The second approach is to represent images as sparse images. In this way, occupancy map pixels are spread across the whole Cb and Cr picture (or U and V picture) while empty pixels are set to 0. FIG. 5 illustrates an occupancy sub-image 400 placed in a larger U or V signal container by spreading occupancy ma pixels, according to certain embodiments.
Combining in Single Bitstream with Texture Image
As described above, an approach to frame pack texture and geometry image was introduced in U.S. Provisional Application No. 62/696,590, which is incorporated herein by reference in its entirety. It follows from here that this approach can be combined with the single bitstream approach where the geometry image contains the occupancy map in the Cb or Cr containers (or U or V containers).

Example Decoding Process of Occupancy Map Arrangement Syntax

The decoding process for an arrangement offers two approaches described above. According to certain embodiments, the arrangement may be signaled in a bitstream:

- occupancy_map_based_arrangement_idc—specifies which of the arrangements is signaled. 0 stands for patch-based arrangement and 1 signals pixel-based arrangement.
- patch_originplane_idc—specifies which U or V signal carries occupancy map. 0—represents U signal (plane) for near layer frame, 1—represents V for near layer frame, 2—represents U signal for far layer frame, 3—represents V signal for far layer frame
- patch_origin_offset_x—x offset in pixels in the origin signal from the top left corner.
- patch_origin_offset_y—y offset in pixels in the origin signal from the top left corner.
- origin_pixel_spacing_x—spacing between pixels in origin signal in the horizontal dimension
- origin_pixel_spacing_y—spacing between pixels in origin signal in the vertical dimension
- pixel_origin_idc[i]—specifies which U or V signal carries occupancy map. 0—represents U signal (plane) for near layer frame, 1—represents V for near layer frame, 2—represents U signal for far layer frame, 3—represents V signal for far layer frame.
- origin_pixel_offset_x[i]—x offset in pixels in the origin signal from the top left corner.
- origin_pixel_offset_y[i]—y offset in pixels in the origin signal from the top left corner.
- i—iteration index that follows scanning order. FIG. 6 illustrates an example scanning order 500 for 4 top level pixels, according to certain embodiments. As depicted the scanning order begins with Pixel (0,0).

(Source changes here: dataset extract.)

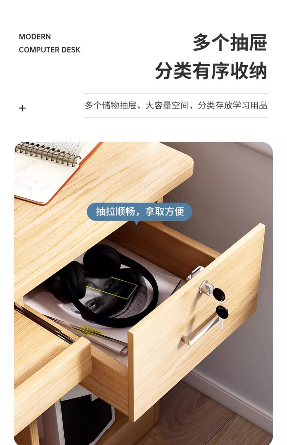 • [5 장 캐비닛 그리기] 목가적 인 오크 색 140CM

When processing across a whole frame values of pixel_origin_idc, origin_pixel_offset_x, origin_pixel_offset_y are used for determining the values for pixels in arranged in 2×2 blocks. FIG. 7 illustrates pixel_original_idc being applied to pixels across the picture 600, according to certain embodiments.

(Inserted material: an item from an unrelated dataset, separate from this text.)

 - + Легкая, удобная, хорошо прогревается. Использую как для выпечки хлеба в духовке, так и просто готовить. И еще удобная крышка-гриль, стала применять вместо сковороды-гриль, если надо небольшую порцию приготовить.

FIG. 8 illustrates an example system 700 for video-based point cloud codec bitstream specification, according to certain embodiments. System 700 includes one or more transmitters 710 and receivers 720, which communicate via network 730. Interconnecting network 730 may refer to any interconnecting system capable of transmitting audio, video, signals, data, messages, or any combination of the preceding. The interconnecting network may include all or a portion of a public switched telephone network (PSTN), a public or private data network, a local area network (LAN), a metropolitan area network (MAN), a wide area network (WAN), a local, regional, or global communication or computer network such as the Internet, a wireline or wireless network, an enterprise intranet, or any other suitable communication link, including combinations thereof. Example embodiments of transmitter 710 and receiver 720 are described in more detail with respect to FIGS. 9 and 12, respectively.

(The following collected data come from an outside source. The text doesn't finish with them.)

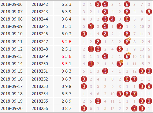 分析近期的综合走势,上期开出的是087,组六形态,小大大,偶偶奇。从综合走势图上看,近期连码开出频繁,号码之间似乎有特殊的磁场相连,经过上期的两个邻码开出,以及8号球的重复出号表现,本期看好6号和7号相连出号,加上隔期号的活跃表现,本期防9号继续隔期开出,0号球在连开之后回补比较积极,近期有走热的趋势,本期继续看好0号。
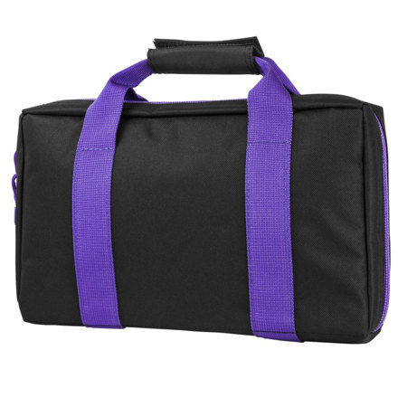The NcSTAR Vism Discreet Black with Purple Trim Pistol Case features 2 separate padded compartments to accommodate 1 full size handgun each. The 6 elastic loops to accommodate up to 6 double stack magazines or 12 single stack magazines. It also features reinforced wrap-around carry handles and heavy duty double zippers.
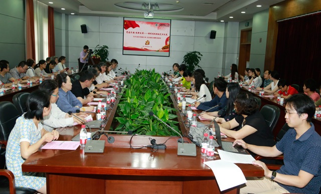 主题党日活动首先举行了“丹心创绘中国梦 薪火传承中华情”课程思政艺术作品展开幕仪式。艺术学院党总支书记孙桂娟致开幕辞。相关教师从艺术创作和思政教育的角度,为参加画展的师生们讲解了学生们曼妙画笔背后的赤诚丹心。随后,主题党日活动进行了三位课程思政团队教师现场说课活动,分别从“融合”与“协同”、“创新”与“育人”、“分享”与“提升”等方面畅谈课程思政课的教学理念、实践做法、教学体会,得到了兄弟高校专家的高度评价。在现场说课活动后,参加主题党日活动的师生党员们还围绕相关主题进行了热烈的座谈交流。

Although FIG. 8 illustrates a particular arrangement of system 700, the present disclosure contemplates that the various embodiments described herein may be applied to a variety of networks having any suitable configuration. For example, system 700 may include any suitable number of transmitters 710 and receivers 720, as well as any additional elements suitable to support communication between such devices (such as a landline telephone). In certain embodiments, transmitter 710 and receiver 720 use any suitable radio access technology, such as long-term evolution (LTE), LTE-Advanced, UMTS, HSPA, GSM, cdma2000, WiMax, WiFi, another suitable radio access technology, or any suitable combination of one or more radio access technologies. For purposes of example, various embodiments may be described within the context of certain radio access technologies. However, the scope of the disclosure is not limited to the examples and other embodiments could use different radio access technologies.
FIG. 9 illustrates an example transmitter 710, according to certain embodiments. As depicted, the transmitter 710 includes processing circuitry 810 (e.g., which may include one or more processors), network interface 820, and memory 830. In some embodiments, processing circuitry 810 executes instructions to provide some or all of the functionality described above as being provided by the transmitter, memory 830 stores the instructions executed by processing circuitry 810, and network interface 820 communicates signals to any suitable node, such as a gateway, switch, router, Internet, Public Switched Telephone Network (PSTN), etc.
Processing circuitry 810 may include any suitable combination of hardware and software implemented in one or more modules to execute instructions and manipulate data to perform some or all of the described functions of the transmitter. In some embodiments, processing circuitry 810 may include, for example, one or more computers, one or more central processing units (CPUs), one or more microprocessors, one or more applications, and/or other logic.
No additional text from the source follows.